Keywords: Balamuthia mandrillaris, free living amebae, meningoencephalitis, molecular diagnosis
|How to cite this article:|
Khurana S, Hallur V, Goyal M K, Sehgal R, Radotra B D. Emergence of balamuthia mandrillaris meningoencephalitis in India. Indian J Med Microbiol 2015;33:298-300
|How to cite this URL:|
Khurana S, Hallur V, Goyal M K, Sehgal R, Radotra B D. Emergence of balamuthia mandrillaris meningoencephalitis in India. Indian J Med Microbiol [serial online] 2015 [cited 2020 Jan 29];33:298-300. Available from: http://www.ijmm.org/text.asp?2015/33/2/298/154887
| ~ Introduction|| |
Pathogenic free-living amoebae including Acanthamoeba spp., Naegleria fowleri and Balamuthia mandrillaris cause infection of central nervous system (CNS) and have a mortality rate of greater than 95%.  These infections have been described in both immunocompetent and immunocompromised individuals. ,,, The main predisposing factors are skin lesions, diabetes mellitus, liver cirrhosis, antineoplastic therapy and human immunodeficiency virus (HIV). , While N. fowleri causes primary amoebic meningoencephalitis that is rapidly fatal, Acanthamoeba and B. mandrillaris cause encephalitis which has a subacute or chronic and insidious course. , Infection usually manifests clinically as progressive headache, fever, abnormalities of higher mental functions, hemiparesis, cranial nerve palsies, seizures.  As a result of such varied manifestations, it is often confused with other infectious conditions like tuberculosis, abscesses, toxoplasmosis or non-infectious conditions like malignancy.  Hence, a majority of the cases are diagnosed postmortem at autopsy by identification of amoebic trophozoites or cysts on histopathology and confirmed by immunofluorescence or polymerase chain reaction (PCR). ,, However, ante-mortem diagnosis by histopathological examination and culture plays a very important role. It is difficult to grow Balamuthia in vitro, thus molecular tests play a very important role.

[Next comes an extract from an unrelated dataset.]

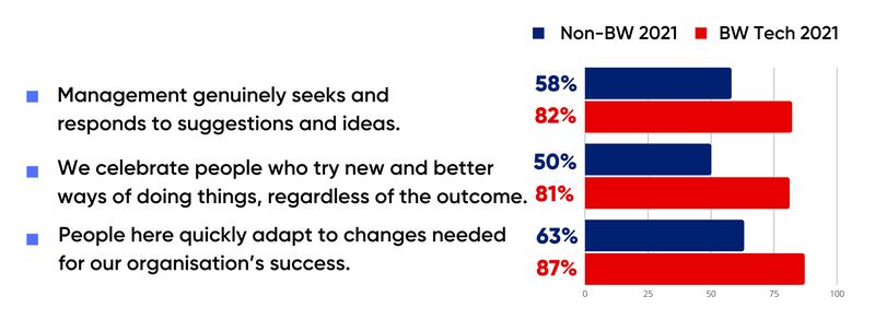 Innovation is the lifeblood of the tech industry. In a fast-moving and agile digital industry, it is only through the development of new offerings that organisations can continue to grow. When employees feel they can be themselves and that they are supported by their colleagues, the culture becomes a space where creativity is supported. It is organisations that facilitate and celebrate innovation that employees most want to be a part of.
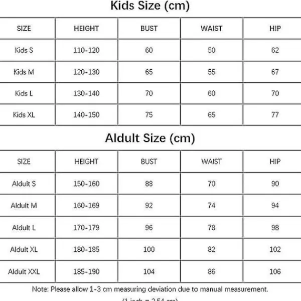 Om denna artikel Produktlista: Jumpsuit och Mask Tillfälle: Föreställning, Temafest, Cosplay, Halloween, etc. Färg: Som bilderna visar Stil: Jumpsuit Obs: Välj storlek enligt storlekstabellen, tack Storleksinformation *Om din mätning ligger mellan två storlekar rekommenderar vi att du väljer den större storleken (måtten som visas i storlekstabellen avser artikelns mått, inte kroppens). *1 tum=2,54 cm Obs: 1. Maskintvätt eller handtvätt, hängtorka. Blek inte. 2. På grund av skillnaden mellan olika bildskärmar kanske bilden inte återspeglar projektets faktiska färg. 3. Tillåt 1-3 cm skillnad på grund av manuell mätning (observera att 1 cm=0,39 tum) Tack för din förståelse.

Here, we report two cases of granulomatous amoebic encephalitis (GAE), one of which was diagnosed ante-mortem and one postmortem by using PCR that targeted the 16s region of B. mandrillaris, followed by sequencing. , Very few cases of amoebic encephalitis have been reported from India.  The consent for the same was obtained by the parents of the subjects.
| ~ Case Report|| |
An 18-year-old previously healthy male was referred to Postgraduate Institute of Medical Education and Research (PGIMER), Chandigarh, India on 3 January 2013 with a history of headache and vomiting for a month, weakness of right upper limb and slurring of speech for 20 days, fever and altered sensorium for 5 days. He was apparently healthy a month prior to developing severe holocranial headache, not relieved on medication, present throughout the day and associated with projectile vomiting. He then developed gradually progressive weakness in the right upper limb which progressed to involve the right lower limb and slurring of speech. A contrast enhanced computed scan (CECT) in a previous hospital (14 December 2012) revealed the presence of focal cerebritis with leptomeningitis in the left parietal (3.1 × 2.9 cm) and right parafalcine region (1.3 × 0.8 cm). Subsequently, lumbar puncture performed on 18 December 2012 revealed lymphocytosis (20 cells/μl), elevated protein (132 mg/dL), normal glucose (71 mg/dL) and adenosine deaminase (ADA) (2.17 U) and the patient was started on antitubercular treatment (ATT, i.e. isoniazid + rifampicin + ethionamide + pyrazinamide × 3 times a week). Following an initial improvement, he developed fever with altered sensorium and was referred to PGIMER. Apart from correlating the findings of the previous scan, a magnetic resonance imaging (MRI) scan done at admission suggested multiple ill-defined heterogenous intra-axial mass lesions in the left cerebellum, bilateral frontoparietal, left temporal and occipital lobes. Repeat cerebrospinal fluid (CSF) examination done on 3 January 2013 had similar findings as the previous one and was negative for cryptococcal antigen, bacterial culture and tuberculosis (TB) PCR. Following this intravenous (i.v) ceftriaxone and vancomycin were added to the pre-existing regimen. However, the patient deteriorated further and succumbed to his illness on 5 January 2013. Autopsy of the brain showed multiple variable-sized haemorrhagic and necrotic lesions and granulomas with trophozoites in large numbers in frontal and parietal lobes, insula, corpus callosum and left cerebellum [Figure 1] and [Figure 2]. PCR on these sections was positive for Balamuthia mandrillaris and negative for Acanthamoeba spp [Figure 3].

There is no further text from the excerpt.